| PROBLEM DETAILS |
Going down the data below, set down exactly the line with "These versatile Disc" and each line after it through the line with "وألقى البابا كلمة"; no other lines.

| DATA RECORDS |
—————

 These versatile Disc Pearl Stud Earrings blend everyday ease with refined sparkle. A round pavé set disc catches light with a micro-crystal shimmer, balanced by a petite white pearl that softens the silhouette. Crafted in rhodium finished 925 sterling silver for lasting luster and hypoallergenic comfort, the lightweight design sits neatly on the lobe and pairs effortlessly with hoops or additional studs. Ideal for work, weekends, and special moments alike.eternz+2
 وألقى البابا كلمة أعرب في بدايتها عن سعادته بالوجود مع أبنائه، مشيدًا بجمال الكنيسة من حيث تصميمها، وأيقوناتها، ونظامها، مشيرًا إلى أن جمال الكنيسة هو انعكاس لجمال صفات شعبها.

—————

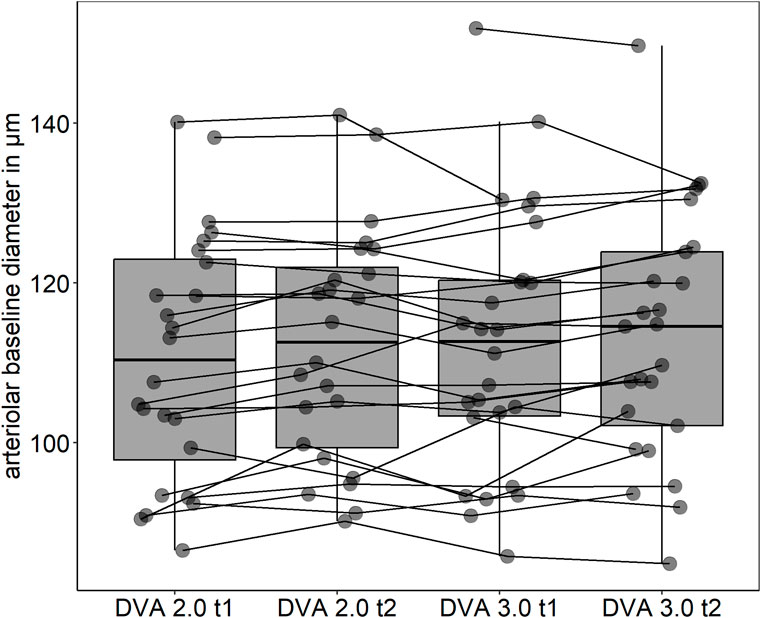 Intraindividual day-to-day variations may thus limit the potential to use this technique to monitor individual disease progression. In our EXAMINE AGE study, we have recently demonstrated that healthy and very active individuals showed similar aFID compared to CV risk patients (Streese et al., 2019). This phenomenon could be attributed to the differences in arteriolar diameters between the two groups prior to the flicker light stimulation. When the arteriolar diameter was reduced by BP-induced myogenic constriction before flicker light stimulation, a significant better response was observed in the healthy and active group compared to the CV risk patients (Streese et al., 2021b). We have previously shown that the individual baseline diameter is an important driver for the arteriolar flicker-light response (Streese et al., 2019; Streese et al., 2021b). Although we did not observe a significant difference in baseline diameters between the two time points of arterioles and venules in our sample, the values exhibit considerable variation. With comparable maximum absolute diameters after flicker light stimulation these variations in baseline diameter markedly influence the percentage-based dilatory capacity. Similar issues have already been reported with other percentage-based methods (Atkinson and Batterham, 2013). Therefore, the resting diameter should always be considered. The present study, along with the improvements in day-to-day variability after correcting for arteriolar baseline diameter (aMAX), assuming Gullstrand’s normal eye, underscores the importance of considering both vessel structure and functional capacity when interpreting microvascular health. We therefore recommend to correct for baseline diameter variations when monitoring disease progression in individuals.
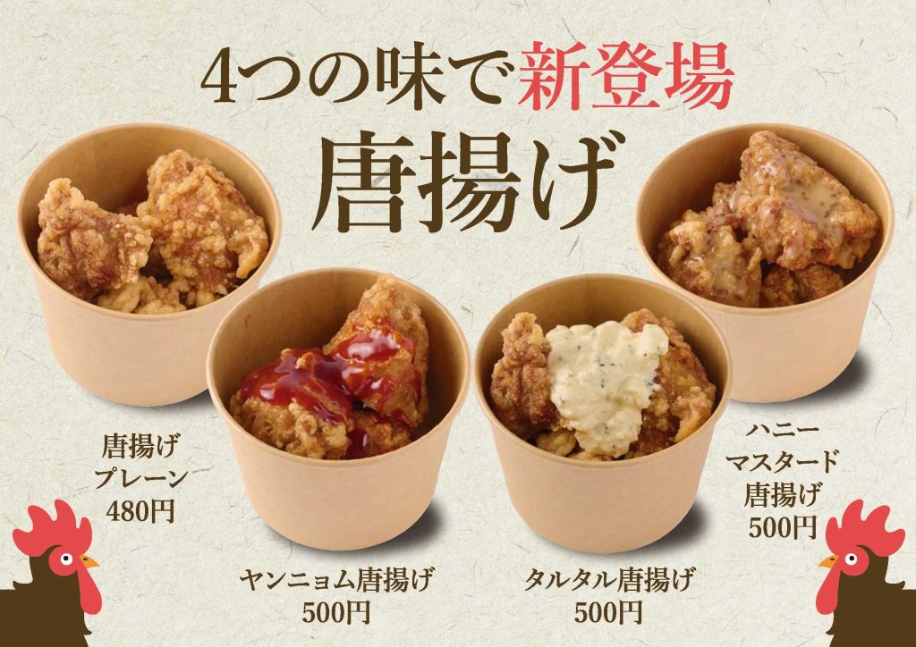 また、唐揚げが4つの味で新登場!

—————

| ANSWER |
 These versatile Disc Pearl Stud Earrings blend everyday ease with refined sparkle. A round pavé set disc catches light with a micro-crystal shimmer, balanced by a petite white pearl that softens the silhouette. Crafted in rhodium finished 925 sterling silver for lasting luster and hypoallergenic comfort, the lightweight design sits neatly on the lobe and pairs effortlessly with hoops or additional studs. Ideal for work, weekends, and special moments alike.eternz+2
 وألقى البابا كلمة أعرب في بدايتها عن سعادته بالوجود مع أبنائه، مشيدًا بجمال الكنيسة من حيث تصميمها، وأيقوناتها، ونظامها، مشيرًا إلى أن جمال الكنيسة هو انعكاس لجمال صفات شعبها.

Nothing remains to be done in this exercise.